The ever-increasing healthcare costs have made it inevitable for people to invest in health insurance. Nevertheless, with so many providers getting in touch with you through health insurance live transfer leads, it can get very confusing to select the right health insurance plan that works best for you. Here are a few things you need to consider before buying a health insurance plan:


Age plays a major role when it comes to buying health insurance. Apart from your age, you will also have to consider the age of all your family members whom you want to insure. The cost of the premium that you will have to pay, especially in a family floater policy, depends largely on the age of the eldest member of your family.

The age limit criterion may vary from one health insurance plan to another. You might have to check with your provider about the minimum and maximum entry age limits. You can also find plans that have no restrictions on entry age. Explore your options and choose the health insurance plan that suits you the best.

Premium and coverage

You might be tempted to buy a health insurance plan that has the lowest premium. But lowest premium will also mean very limited coverage. Coverage is as important as the premium that you pay. Hence it is very important to select a plan that helps you strike the perfect balance between premium and coverage.
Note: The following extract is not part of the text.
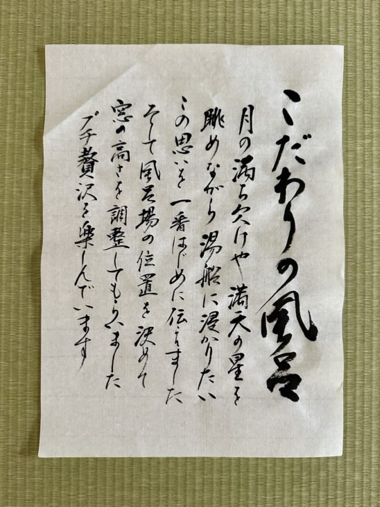 今回、性能やこだわりについて桶市さんから学んだことを、たくさん書にしたためました。家の随所に貼って、来客にも楽しんでいただいています。
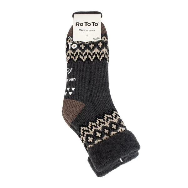 No slippers needed with the RoToTo Comfy Room Socks. These super-thick socks will do the job. Product Information: Made in Japan Nordic pattern Gripped sole Small 5-7 UK Large 9-11 UK

Always make sure you find out the reason behind the low premium before buying a health insurance plan. Limited coverage may not be the only reason behind a reduced premium. Look for any additional clauses about sub-limits, deductibles, and co-payments that might require you to spend more money out of your pocket at the time of claim. Ideally you should go for a policy that comes with an affordable premium, adequate coverage, and good benefits.

Waiting period 

Almost every health insurance will have a waiting period during which the insurer may not accept any claim for any specific treatments or pre-existing illnesses. You will have to wait for this period to get over before you can claim any benefits. Make sure you find out how long you will have to wait and check out the pre-existing illnesses and treatments that are not covered during the waiting period.


Most health insurance providers provide cashless hospitalization if you choose a hospital or doctor from their network. You might want to look at the list of hospitals and doctors in this network. Find out what treatments are covered and what aren’t. See if you can visit the specialists directly or need to go through a reference from a primary care physician. Check out the formalities in case you want to choose a hospital or doctor outside the network. 

Pre and Post Hospitalization Coverage

Most health plans might cover the medical expenses that you incur during your hospitalization. But will they cover the costs that you may incur before and after hospitalization? These can work out quite expensive if they include medical tests, doctor fees, and ambulance charges. If you don’t want to pay for these expenses out of your pocket look for a plan that covers pre and post hospitalization expenses, along with hospitalization.

Maternity Expenses

Most people tend to ignore the maternity benefits while choosing a health insurance policy. But with the maternity care costs hitting the roof, it is always better to get a plan that covers your maternity expenses. You may have to wait for about 2 to 4 years in order to claim these benefits. See what works for you and plan your family accordingly. Apart from the delivery costs, make sure the plan you choose also covers the medical expenses of the newborn baby.

No-Claim Bonus or No-Claim Discount

Most of the insurance providers offer you a discount or a bonus for the years that you don’t file any claim. Basically they provide a higher coverage when you renew your policy. Nevertheless, there is always an NCB limit which might vary from one insurer to the other. Make sure you understand all aspects of this before purchasing your health insurance.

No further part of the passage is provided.